The usage of fault injection also has some advantages from the perspective of testing. It enables us to generate faults in specific areas of the circuit, manipulate the distribution in time and memory of the occurring faults and repeat the test when the system is in various states. Moreover, the rates with which radiation errors occur in reality are quite low [12] and depend highly on the environment [13], which would make testing under real-life circumstances even harder.

In our work we evaluate the fault injection capabilities of a Xilinx Zynq 7020 system-on-chip as a hardware platform. It is a commonly used COTS hardware platform which consists of an Arm Cortex A9 processing system and an FPGA fabricated in a 28nm process. It provides a sufficient amount of processing power and also a variety of interfaces to the processing system as well as peripherals.

# 4. FAULT INJECTION

The basic idea of the project is to use the memory interfaces of the FPGA to manipulate contents located in the processing system's memory. This is achieved by using the Advanced eXtensible Interface (AXI) bus of the programmable logic (PL) part of the SoC.

The Zynq 7020 platform provides different interfaces between the PL and the memory. For using the AXI interface, Xilinx provides two types of interfaces. While the accelerator ports utilize caches for acceleration, the high-performance ports provide an uncached access to the memory. For the purpose of direct memory access, the high-performance ports are preferred. To use those, the interface needs to be accessed by the PL. An AXI interconnect module, provided as an intellectual property (IP) block from the FPGA manufacturer Xilinx, was used. The IP block is available in the IP catalogue integrated into the Xilinx development tool Vivado and can be used with every Xilinx hardware that supports the AXI infrastructure.

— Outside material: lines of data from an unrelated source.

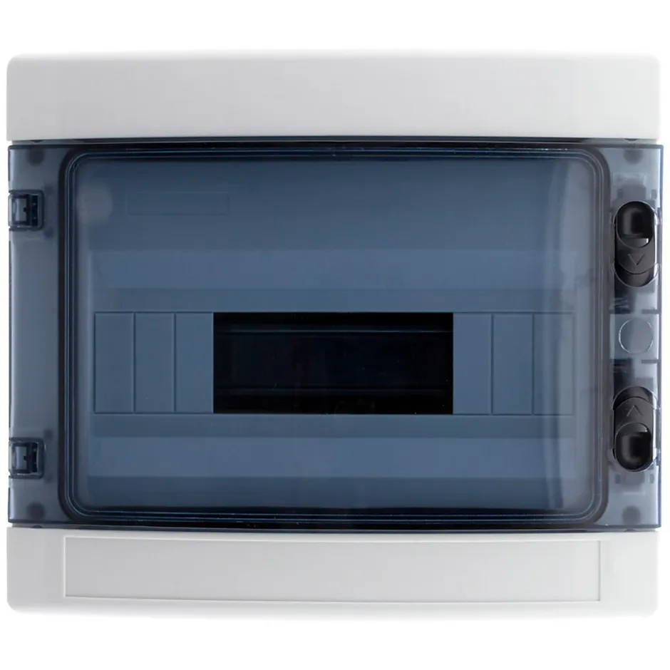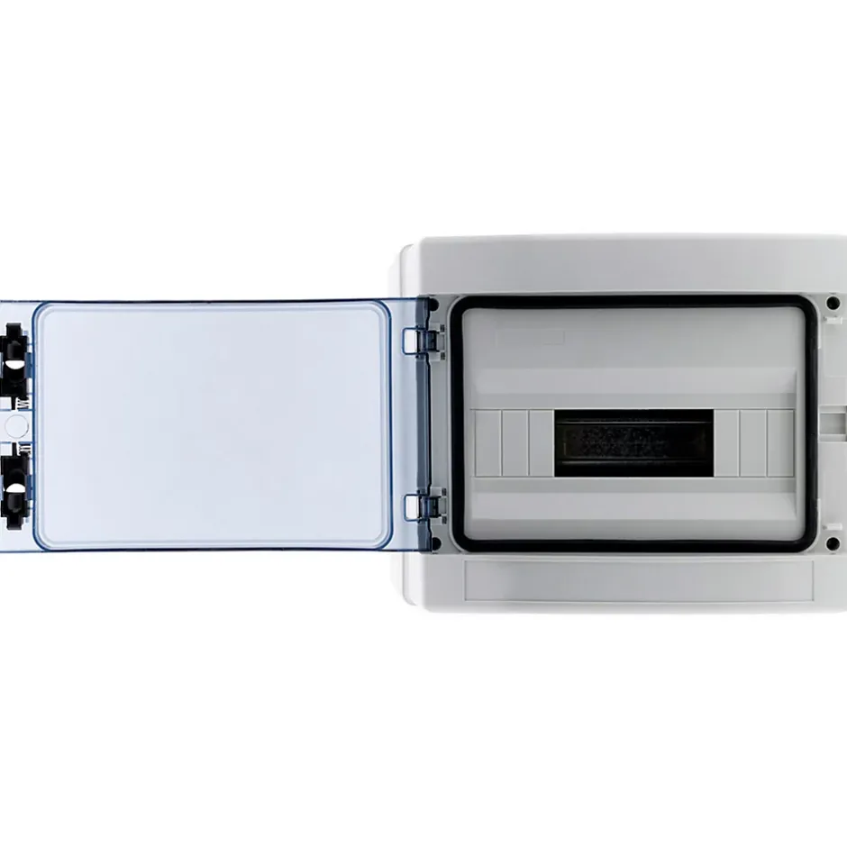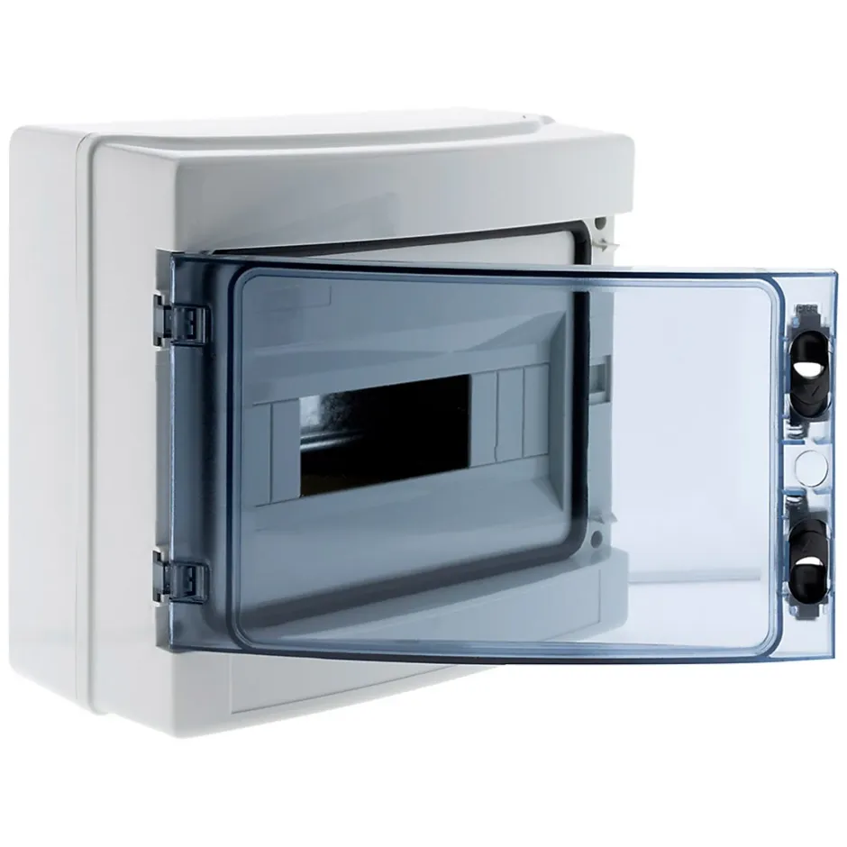 Coffret électrique étanche. Couleur(s) : blanc. Nombre de modules : 4, 8 ou 12. Indice de protection : IP65. Norme(s) : CE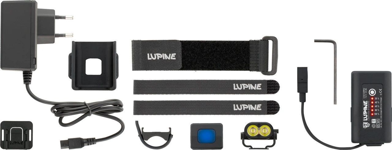 Lieferumfang:1 x Lampenkopf Lupine Piko R1 x Li-Ion Akku Lupine SmartCore FastClick 3,5 Ah1 x Fernbedienung Lupine Bluetooth1 x Helmhalter Lupine FrontClick1 x Lenkerhalterung Lupine Peppi V51 x Akkuhelmhalter Lupine FastClick1 x Ladegerät Lupine Wiesel2 x Klettband Lupine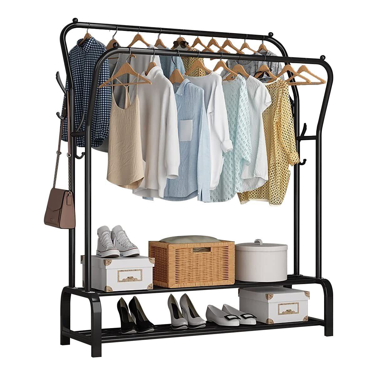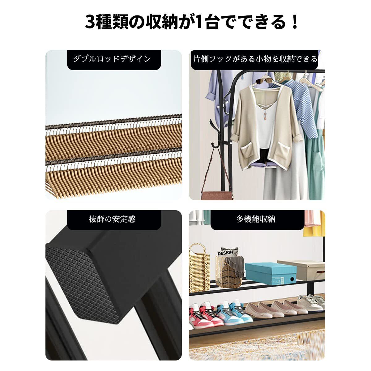 【収納性抜群】ベッドルームの整理に使えるときは、コード、帽子、スカーフ、ネクタイなどを簡単に掛けることできます。ラック部分は靴、収納ケース、布団などを収納できます。上にコート、洋服、帽子やバッグなどを掛けることができる。また下に2段棚がついており、バッグや収納ボックス、靴、カバン、タオル、薄い布団や小物などもスッキリ収納できます!気楽に服の収納以外に、部屋干しのアイテムとして梅雨時期の物干しとして活躍します。
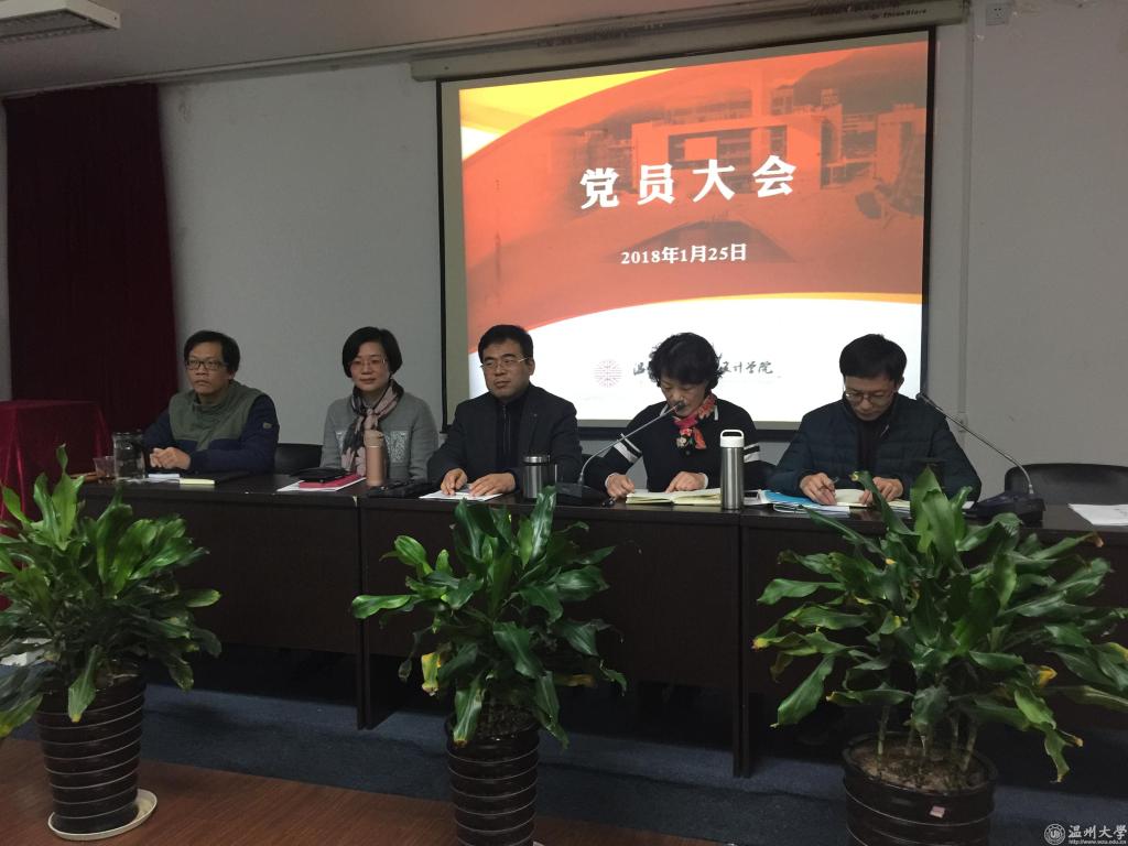 2018年1月25日下午,万象城官网在2B4001多功能厅召开期末全体教职工大会和党员大会。院长李运河,党总支书记张丽萍,副院长谢子静、张晓剑,党总支副书记杨振海出席会议,会议由张丽萍主持。 全体教职工大会环节,李运河院长对本学期学院主要工作做了回顾总结。本学期学院在教学、学科、科研和党的建设工作方面等方面取得了卓越进展。此外,万象城官网还承办了2017“市长杯”中国(温州)工业设计大赛和第十届“亚洲联盟超越设计展”(中国展区), 得到了张耕市长、李校堃校长等领导的充分肯定。同时,他说学院还要在人才的引进和师资结构梯队科学优化上、产教融合、协同创新上、加快国际化的步伐等方面继续努力。谢子静副院长对期末教学工作中成绩评定和毕业设计等工作的落实进行了安排。张晓剑副院长就科研工作推进、实验室提升、院容改造、学科竞赛成绩作了说明。杨振海副书记介绍了班主任考核和寝室导师工作开展情况,同时对在学院育人工作中辛勤付出的老师表示感谢。张丽萍书记对教师政治理论学习作了部署。她强调,教师要加强自身理论学习不断提升思想政治素质。根据学校要求每位教师政治理论学习每年不少于40课时,老师们要在完成学院安排理论学习之外在寒假期间积极通过微信等新媒体渠道继续抓紧自主学习。 学院教学督导组组长黄良老师就本学期的督导工作做了汇报。本学期督导日常听课重点由公开课转向日常课程,学院课程教学质量稳中向好。黄良老师特别指出在微信平台上推出的课程展内形式活泼、内容新颖在师生和校内外取得了良好的反响,同时对具有严谨治学态度和高质量的教学效果的教师给与了肯定和赞扬,也提出了公开课中理论课程比例过高、老师们课堂教学方式方法及对听评课不够积极等问题。 党员大会环节,张丽萍书记传达了学校召开有关意识形态会议精神。要求广大党员、干部、教师,尤其担任班主任的党员教师要切实履行职责。把牢“十个关口”,掌握师生思想动态,做好师生的思想政治工作。会上还对学院的网站、微信平台的终审权限做出了明确规定。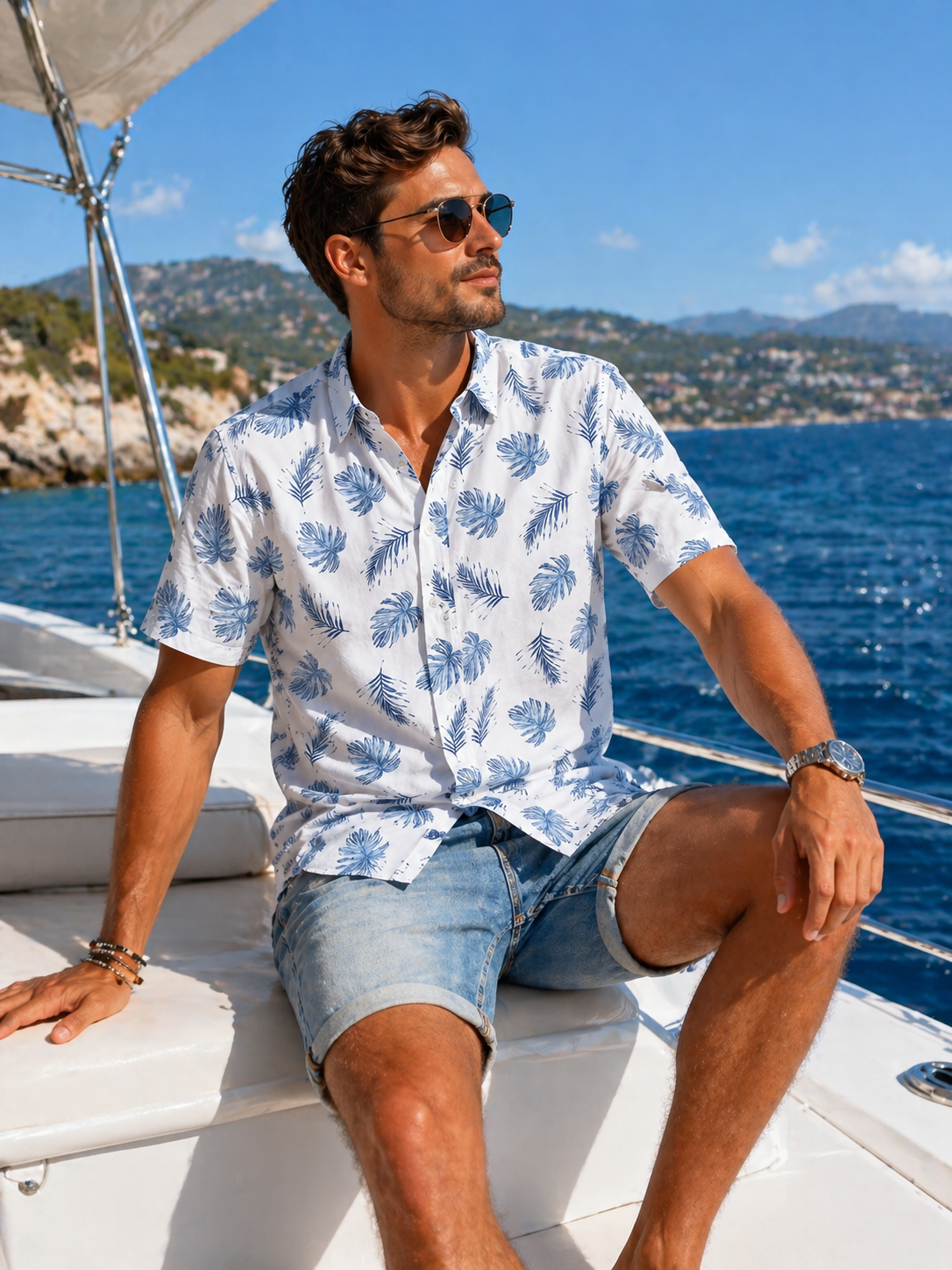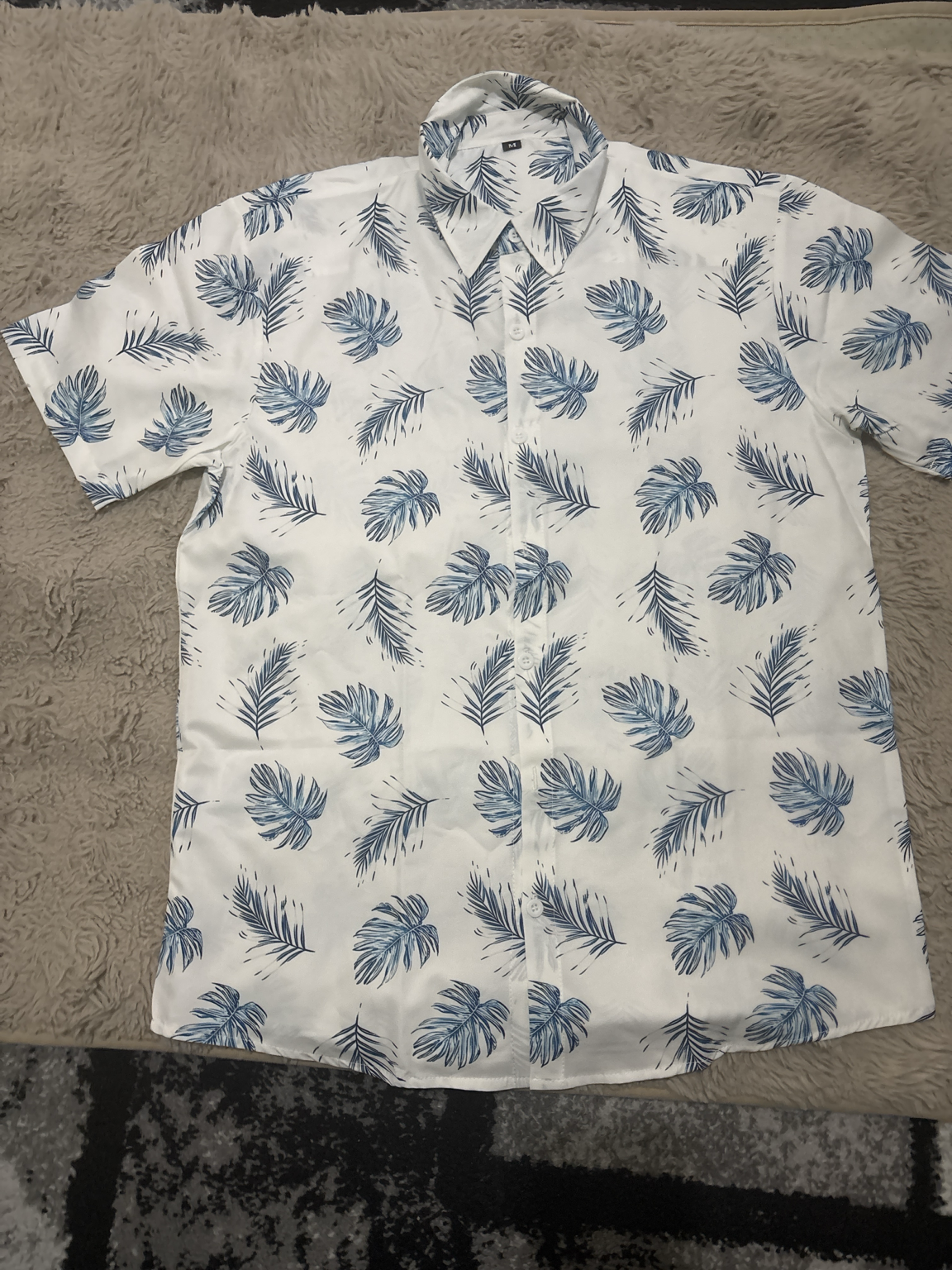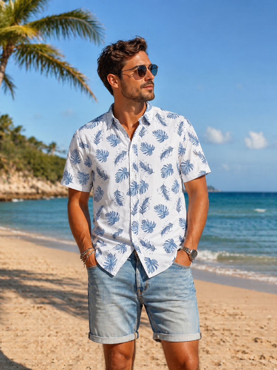 Chemise à manches courtes au style décontracté, parfaite pour une ambiance estivale et bord de mer. Confectionnée dans un tissu polyester fin et léger, elle offre une sensation fluide et respirante, idéale pour les journées chaudes. Son design se distingue par un motif de feuilles tropicales aux teintes bleutées sur fond clair, apportant une touche fraîche et naturelle. La coupe est simple et droite, facile à porter, avec une allure à la fois casual et légèrement rurale, évoquant les vacances, la détente et les paysages ensoleillés. Polyvalente, cette chemise s’adapte parfaitement à un look plage ou détente, que ce soit avec un short en jean ou un pantalon léger. Elle incarne un style estivale sans effort, entre confort et esthétique tropicale.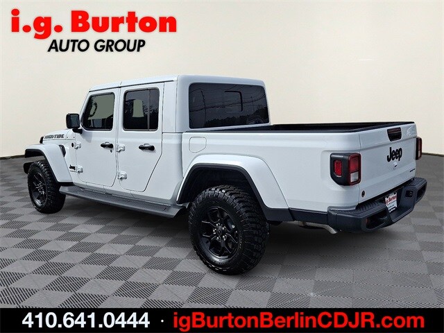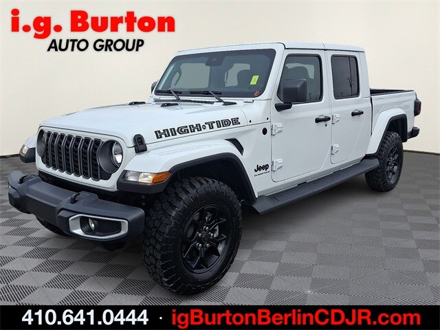 Recent Arrival! Carfax One-Owner. Clean Carfax. 2025 Jeep Gladiator High Tide Bright White Clearcoat. Odometer is 3567 miles below market average! High Tide. Since 1908, i.G. Burton Auto Group has served Delmarva and its surrounding communities with outstanding sales and service as its longest-standing family-owned and operated dealer group. See why we proudly say, "Nobody Beats a Burton Deal! NOBODY!"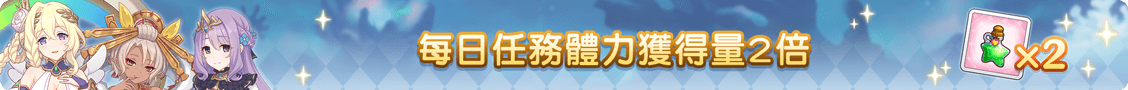 達成「每日任務」時可獲得的體力變為2倍。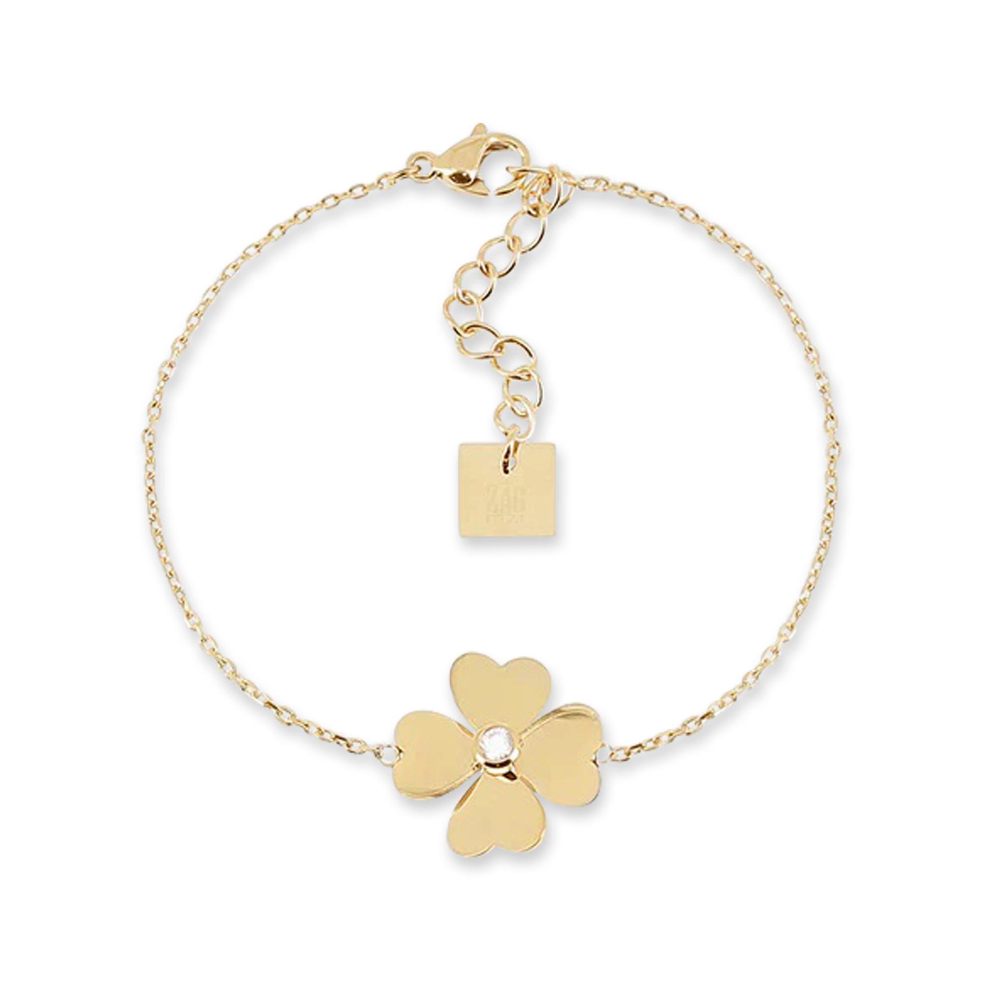Cette gourmette de Zag Bijoux est un bijou en filigrane avec un cœur et une élégance féminine. La chaînette avec une forme de fleur et une pierre décorative se ferme de manière élégante par un mousqueton, est réglable en largeur de manière minimale et a un charm de la marque sur le fermoir.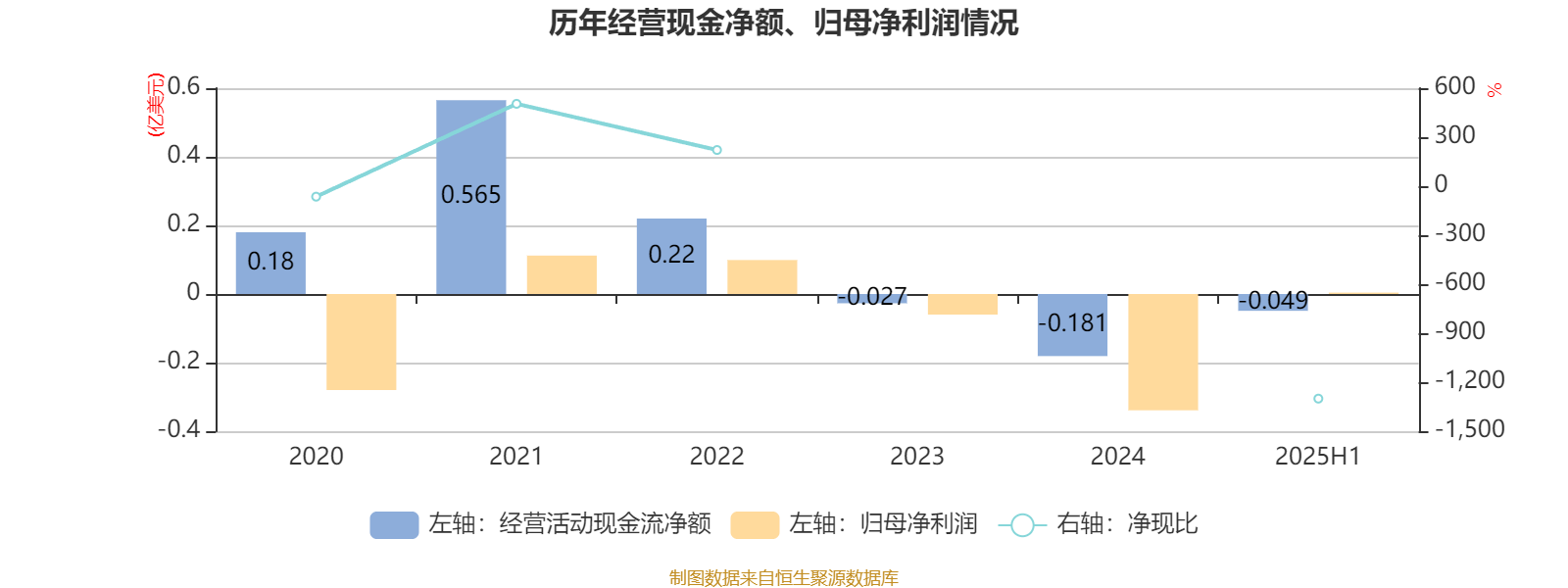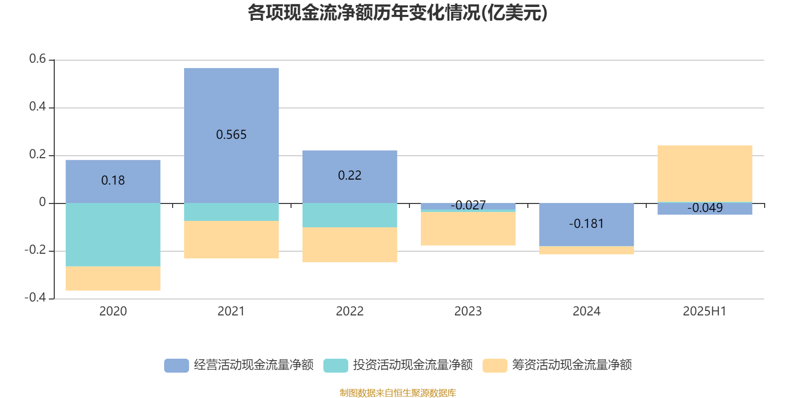2025年上半年,公司经营活动现金流净额为-485.1万美元;筹资活动现金流净额2356.8万美元;投资活动现金流净额47.4万美元。

To control the memory interface and manipulate specific hardware addresses, the fault injector contains a softcore processor which is instantiated in the FPGA. While any simple processor would be suitable, a Xilinx Microblaze is used because it is known to work well with the other components from the manufacturer. The block diagram representing the FPGA design is shown in Figure 1. The processor is programmed bare-metal, as it the functionality and complexity of an operating system is not needed. The number of injected errors can be configured in software, as well as the distribution in time and memory. To control the Microblaze software, an external UART interface is used to transmit control commands that were defined beforehand. Implementing the control commands with an external interface makes the fault injector independent from the system under test and eliminates the possibility of interfering with its own control instance. Furthermore, implementing the fault injector as an FPGA component instead of a software solution has several advantages. On a hardware level, the fault injector does not interfere with the timing of the system under test and does not add extra clock cycles to avoid affecting the overall timing of the circuit.

The Microblaze is programmed in C using the Vitis programming platform provided by Xilinx. The memory areas for the fault injection can be addressed directly using their hardware addresses, since they are known from the address map defined by the AXI interface. On the side of the processing system, the Linux operating system will allocate memory to the middleware and applications at runtime. These are virtual addresses that can be resolved to their physical counterparts using Linux system calls.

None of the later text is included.